Bernard Freydberg’den karanlık felsefe!

VakıfBank Kültür Yayınları’nca dilimizde ilk kez yayımlanan, Bernard Freydberg’in Modern Felsefenin Karanlık Tarihi; Antik Çağ’dan modern zamanlara düşünce sistemlerinin karanlıkta kalan oluşum sürecini, Sokrates, Kant, Hegel, Spinoza, Platon, Heidegger, Hume, Berkeley, Herakleitos, Locke, Leibniz ve Descartes gibi felsefecilerin görüşleriyle gün ışığına çıkarıyor.

Bernard Freydberg’den karanlık felsefe!
Abone Ol google-news
Yayınlanma: 21.03.2023 - 00:01

VakıfBank Kültür Yayınları (VBKY) tarafından yayımlanan Modern Felsefenin Karanlık Tarihi, ABD’li felsefeci Prof. Dr. Bernard Freydberg’ün dilimizde yayımlanan ilk yapıtı. Kitapta, modern Batı felsefesinin karanlıkta kalan literatürü ayrıntılarıyla inceleniyor.

Freydberg, Antik Çağ felsefecilerinden modern çağın düşünürlerine kadar uzanırken Sokrates, Kant, Hegel, Spinoza, Platon, Heidegger, Hume, Berkeley, Herakleitos, Locke, Leibniz ve Descartes gibi felsefecilerin görüş ve çalışmaları ayrıntılarıyla aktarılıyor.

DERSLER KANT’LA SONA ERER

Kitapta, modern felsefe tarihi derslerinin genelde önemli şahıslar üzerinden bir ilerleme şeklinde anlatıldığını ifade eden Freydberg, bunun bir anlamda doğru olduğunu söylüyor.

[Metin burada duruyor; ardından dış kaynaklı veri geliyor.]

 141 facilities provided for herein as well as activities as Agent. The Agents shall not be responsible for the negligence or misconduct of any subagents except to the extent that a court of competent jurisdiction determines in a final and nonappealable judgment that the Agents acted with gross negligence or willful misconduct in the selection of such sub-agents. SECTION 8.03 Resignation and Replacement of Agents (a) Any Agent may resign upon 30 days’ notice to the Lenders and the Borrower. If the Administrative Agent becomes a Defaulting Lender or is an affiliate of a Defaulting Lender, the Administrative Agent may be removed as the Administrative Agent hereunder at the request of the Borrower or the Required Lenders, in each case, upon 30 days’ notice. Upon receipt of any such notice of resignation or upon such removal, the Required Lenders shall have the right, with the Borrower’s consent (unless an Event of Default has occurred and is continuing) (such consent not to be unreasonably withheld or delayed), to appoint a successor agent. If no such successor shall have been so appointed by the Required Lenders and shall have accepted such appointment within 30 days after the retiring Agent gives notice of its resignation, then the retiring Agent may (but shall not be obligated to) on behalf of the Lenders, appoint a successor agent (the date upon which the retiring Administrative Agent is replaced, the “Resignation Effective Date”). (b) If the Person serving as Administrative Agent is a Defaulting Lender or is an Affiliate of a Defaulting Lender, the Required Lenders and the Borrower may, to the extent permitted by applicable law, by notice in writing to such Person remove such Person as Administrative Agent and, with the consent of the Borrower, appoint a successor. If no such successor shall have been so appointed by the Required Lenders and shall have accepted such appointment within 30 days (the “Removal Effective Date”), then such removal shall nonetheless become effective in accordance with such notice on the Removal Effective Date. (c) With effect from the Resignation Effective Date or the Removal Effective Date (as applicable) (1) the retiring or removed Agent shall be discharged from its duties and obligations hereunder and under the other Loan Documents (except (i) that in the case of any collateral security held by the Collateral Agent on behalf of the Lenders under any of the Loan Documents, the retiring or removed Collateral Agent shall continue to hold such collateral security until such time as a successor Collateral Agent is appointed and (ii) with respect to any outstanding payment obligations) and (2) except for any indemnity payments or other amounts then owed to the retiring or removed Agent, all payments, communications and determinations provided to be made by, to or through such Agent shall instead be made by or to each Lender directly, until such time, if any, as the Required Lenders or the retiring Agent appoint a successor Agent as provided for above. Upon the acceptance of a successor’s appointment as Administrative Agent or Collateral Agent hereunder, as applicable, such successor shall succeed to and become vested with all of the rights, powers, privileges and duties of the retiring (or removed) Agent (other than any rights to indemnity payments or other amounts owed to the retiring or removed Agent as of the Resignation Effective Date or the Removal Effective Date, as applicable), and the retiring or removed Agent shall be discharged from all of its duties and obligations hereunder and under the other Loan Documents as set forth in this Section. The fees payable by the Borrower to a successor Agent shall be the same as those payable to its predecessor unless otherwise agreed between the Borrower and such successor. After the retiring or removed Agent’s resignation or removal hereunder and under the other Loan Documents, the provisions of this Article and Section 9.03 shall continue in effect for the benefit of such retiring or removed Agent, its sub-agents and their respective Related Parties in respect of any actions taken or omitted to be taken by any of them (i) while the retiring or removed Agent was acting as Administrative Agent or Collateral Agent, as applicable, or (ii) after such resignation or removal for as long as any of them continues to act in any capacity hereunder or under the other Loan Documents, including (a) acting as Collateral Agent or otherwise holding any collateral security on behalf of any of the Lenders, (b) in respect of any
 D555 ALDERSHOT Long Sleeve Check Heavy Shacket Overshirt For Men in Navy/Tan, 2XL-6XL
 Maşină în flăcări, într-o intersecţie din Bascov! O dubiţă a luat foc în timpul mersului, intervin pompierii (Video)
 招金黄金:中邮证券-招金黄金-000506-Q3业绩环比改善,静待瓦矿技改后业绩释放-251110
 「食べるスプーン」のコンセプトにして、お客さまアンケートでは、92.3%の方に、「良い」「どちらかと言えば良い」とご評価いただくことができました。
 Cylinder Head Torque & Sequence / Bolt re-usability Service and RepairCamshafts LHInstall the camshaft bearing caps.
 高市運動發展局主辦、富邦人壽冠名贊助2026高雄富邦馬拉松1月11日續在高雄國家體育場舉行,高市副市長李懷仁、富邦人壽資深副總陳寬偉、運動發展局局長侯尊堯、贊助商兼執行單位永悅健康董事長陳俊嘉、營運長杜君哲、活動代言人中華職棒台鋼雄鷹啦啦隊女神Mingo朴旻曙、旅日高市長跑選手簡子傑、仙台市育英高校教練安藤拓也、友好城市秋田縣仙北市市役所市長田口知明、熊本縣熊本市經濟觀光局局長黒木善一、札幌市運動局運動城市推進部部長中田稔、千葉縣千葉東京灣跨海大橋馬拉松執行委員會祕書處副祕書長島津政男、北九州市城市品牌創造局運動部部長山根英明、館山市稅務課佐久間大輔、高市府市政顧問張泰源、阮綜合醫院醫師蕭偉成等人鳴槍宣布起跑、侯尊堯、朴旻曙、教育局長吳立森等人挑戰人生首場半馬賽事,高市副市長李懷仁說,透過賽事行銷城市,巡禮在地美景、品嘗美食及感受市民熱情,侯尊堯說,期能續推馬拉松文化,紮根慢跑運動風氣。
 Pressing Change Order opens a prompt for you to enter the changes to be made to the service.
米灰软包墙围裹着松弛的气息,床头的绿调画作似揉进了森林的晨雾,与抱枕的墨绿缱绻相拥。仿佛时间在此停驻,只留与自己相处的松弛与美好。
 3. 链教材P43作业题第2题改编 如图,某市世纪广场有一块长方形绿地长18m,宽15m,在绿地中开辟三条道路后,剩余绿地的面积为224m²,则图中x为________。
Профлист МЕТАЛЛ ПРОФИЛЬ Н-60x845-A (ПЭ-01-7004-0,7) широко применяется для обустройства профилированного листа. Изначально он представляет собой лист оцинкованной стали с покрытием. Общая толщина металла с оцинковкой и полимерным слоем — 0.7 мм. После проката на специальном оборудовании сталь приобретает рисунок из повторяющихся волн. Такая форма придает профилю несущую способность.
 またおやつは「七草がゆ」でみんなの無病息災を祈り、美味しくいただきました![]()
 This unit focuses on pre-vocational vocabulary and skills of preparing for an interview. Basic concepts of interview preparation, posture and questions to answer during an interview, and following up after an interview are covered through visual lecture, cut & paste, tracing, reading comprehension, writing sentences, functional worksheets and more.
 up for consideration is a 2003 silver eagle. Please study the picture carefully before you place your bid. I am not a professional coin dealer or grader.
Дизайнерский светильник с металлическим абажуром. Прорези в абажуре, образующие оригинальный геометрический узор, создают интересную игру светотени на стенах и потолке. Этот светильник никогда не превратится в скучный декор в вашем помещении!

Freydberg, Descartes’la başlayan çoğu dersin rasyonalistler ile ampiristleri kronolojik olarak gruplandırarak devam ettiğini ve her iki kesimi birleştirmeye çalıştığı düşünülen Kant’la sona erdiğini belirtiyor.

Yazar, “Her iki kesim de ayrı ayrı ya da birlikte aklın rolünü takdir etmiştir. Bu dönemin bütün önemli düşünürleri, aklın rolünün belirlenmesinin modern felsefenin esas konusu olduğunu teslim eder” diyor.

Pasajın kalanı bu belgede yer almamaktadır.